The final nail in the coffin was Tammy receiving the house. I thought I could survive paying alimony and child support, but the judge’s house ruling drained any spirit I had in the tank. Considering Tammy tore apart our family by having an affair with her personal trainer while I was away on business trips and filed for divorce after I tried to keep our family together, I should’ve kept the house.
Alas, the memories we had built over the last fifteen years in the house would remain after I departed. I didn’t want to leave, but I had no choice. A stranger in a black robe with deep lines fragmenting her face and soulless eyes piercing at me demanded I do so. Her verdict seemed to serve as retribution for the man who shattered her charcoal heart. The gavel slammed on the sound block, piercing right through me.
The last fifteen years seemed pointless. I had worked so hard to provide the best possible life for my family, only to be isolated from them after toiling away for years. My visitation rights were limited to one day a week. I could somehow handle losing my possessions, but being separated from my children for most of the week gnawed at me. It felt like chunks of my heart were being bitten away and the tension in my head gave me migraines.
After court, I walked along the lake aimlessly for hours. My mind was empty, yet it felt bogged down. I was clueless about my future and where life would lead me. It all seemed pointless. Why start something new when its demise seemed inevitable?

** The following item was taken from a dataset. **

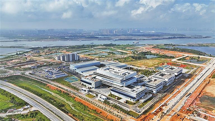在湛江湾实验室园区研发大楼南塔一楼的渔业大数据中心,电子大屏上可以看到种业供应、渔业养殖、渔业捕捞、渔业加工、物流服务等行业资讯。作为粤西地区首个获批设立的省实验室和区域重大创新平台,湛江湾实验室汇聚高端人才,潜心攻关海洋科技,取得了全球首例深远海智能渔业养殖平台(“湛江湾1号”)、全潜悬浮定深柱稳式综合试验养殖平台(“海塔1号”)等代表性科研成果。
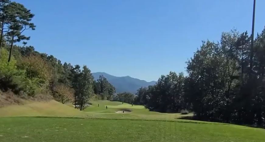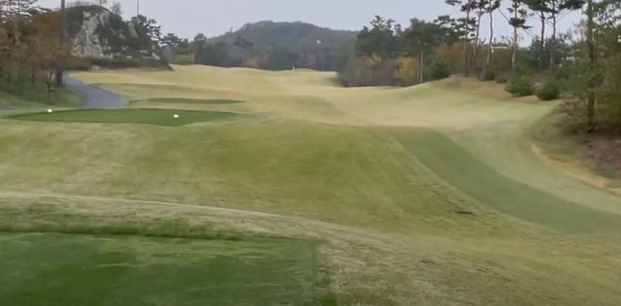 동코스 마지막 9번 홀은 파 5 440미터입니다. 짧은 내리막 롱홀이나 우 도그랙 형태라 우측으로 가면 세컨드샷이 어려워 끊어가야 하기 때문에 전방 벙커 방향으로 티샷해야 세컨드샷 시야를 확보할  수 있습니다.

During summer, the kids went across the country to stay with their gran for the holidays, stripping me of the one day of joy that kept me from ending it all.
Seeing them via video call wasn’t the same. I wanted to hold and kiss them to feel that my life had meaning and the last fifteen years weren’t wasted.
Two weeks after their departure, I could no longer handle being cooped up in the studio apartment. I wanted out. I needed an outlet, but I wasn’t certain what that was.
Photos of Japan displayed in the window prompted me to step inside and speak to the agent. She told me about the ancient traditions, the samurai culture, people’s staunch belief in abiding by the rules, spotless streets and Mount Fuji. Order, new experiences, cultured people—everything I needed.
I bought a return ticket and went home to pack my bags. And just like that, I was off to the Land of the Rising Sun.
Not knowing what to expect, I felt a tinge of anxiety but more excitement. Whatever awaited me in Japan couldn’t have been worse than what I had endured at home.
The plane’s tires screeched as we touched down in Tokyo. Nothing in my life, apart from location, had changed, yet I felt better. The distance from home kept its grief at bay from my mind.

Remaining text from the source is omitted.